傷つけようとして書いたわけではないかもしれません。
しかし、受け取った側に深い傷を与えることになってしまいます。
これらのネット上での人権侵害の特徴は、書き込むだけという加害の容易さ、自分の名前を名乗らない匿名性、バズルなどの言葉があるようにあっという間に広まってしまう被害の急速化・拡大化、そして、間違った情報であったとしても一度流れた情報を訂正することが困難であるということです。
ネット上の人権侵害により、一瞬で人生が変わってしまった人はたくさんいます。
最初に紹介した標語を思い出してください。
「ハッとした 口から出して 取り消せない」
これは面と向かってのコミュニケーションだけではありません。
何よりも、顔が見えないからと言って、人を傷つける言葉を発して良い理由にはなりません。
顔が見えなくても、画面の向こうには、自分と同様に人権のある他者がいるということを決して忘れてはいけないのだと思います。

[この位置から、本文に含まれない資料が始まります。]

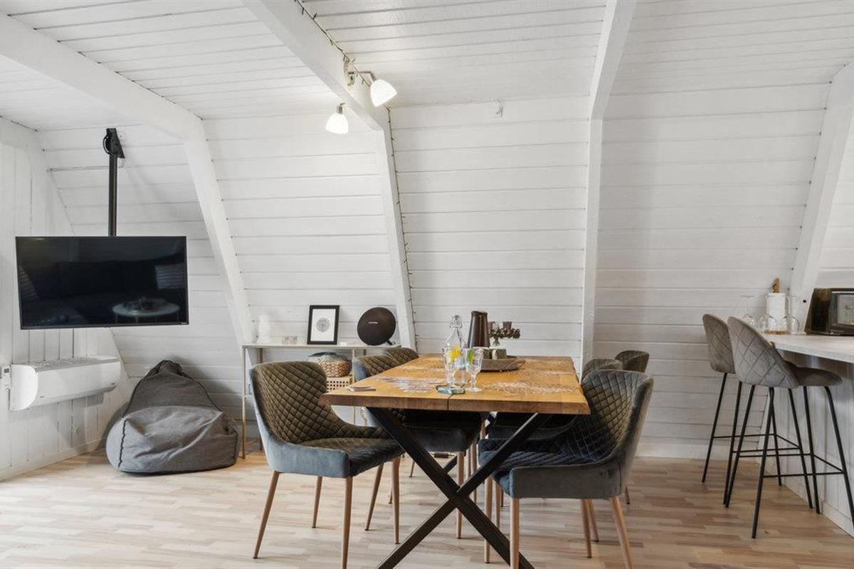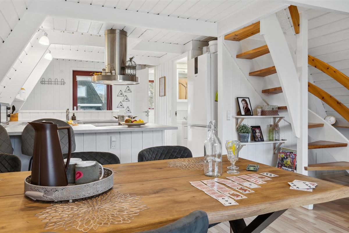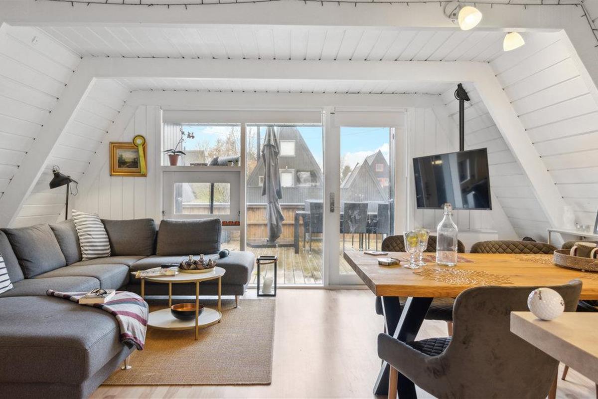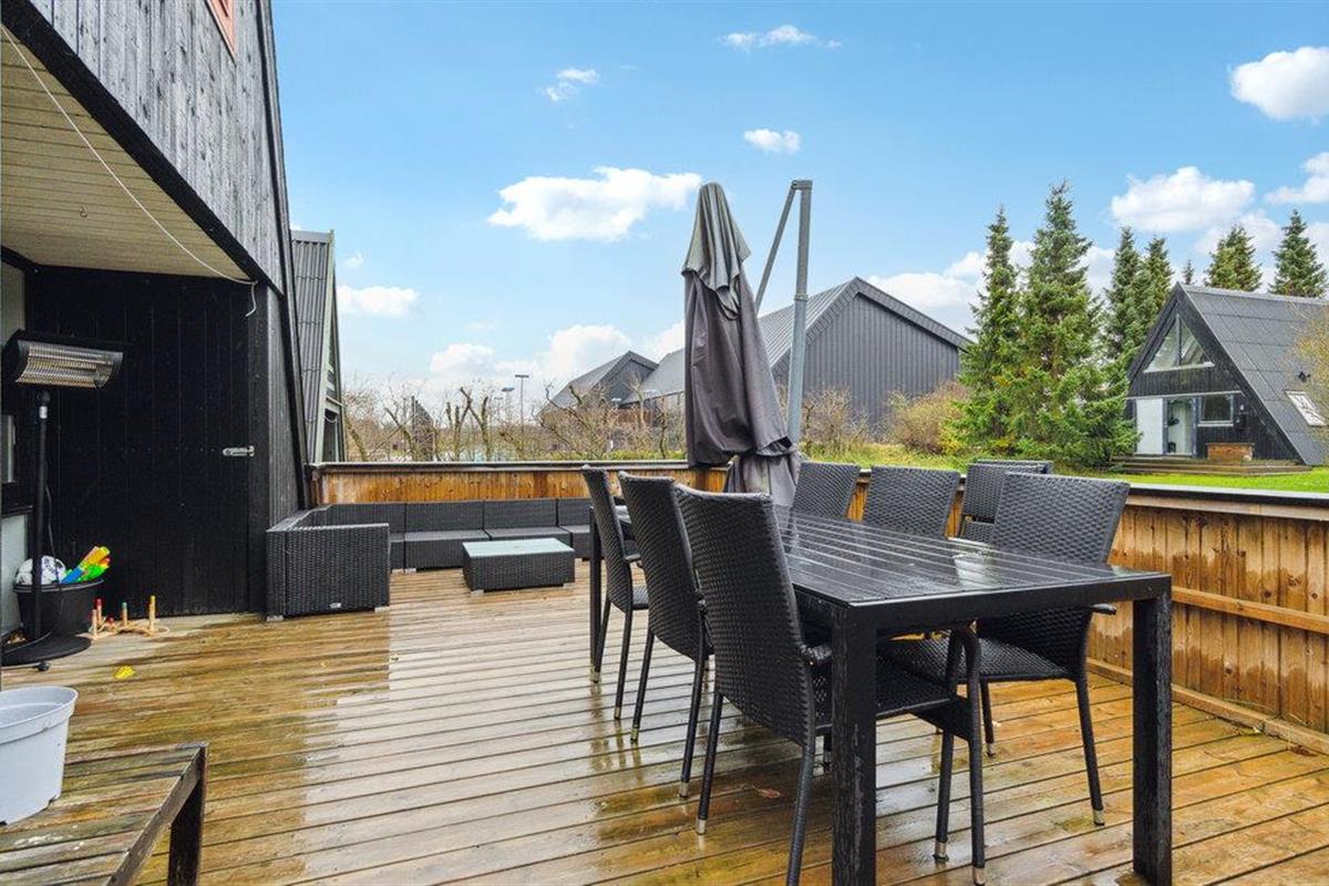 Vanuit de woonkamer heeft u toegang tot het houten terras met tuinmeubilair, waar het heerlijk toeven is in de buitenlucht.

今日の聖書箇所には、「子たちよ、言葉や口先だけでなく行いをもって誠実に愛し合おう」とあります。
互いの人権を尊重し合う関係を築いていくためには、誠実さが必要です。
誠実という言葉を辞書で引くと、真心をもって人や物事に対することとあります。
匿名の投稿に誠実さはあるでしょうか。
顔が見えないからといって、普段直接言えないことSNSで伝えることは誠実でしょうか。
今日の聖書箇所にあるように、言葉や口先だけでなく、私たちは、誠実な心をもって周りの人と関わり、行動していくことが大事なのではないでしょうか。
自分が発信する言葉や行動に責任を持つとともに、誠実な言葉や行いをもって日々の生活を送っていきたいと思います。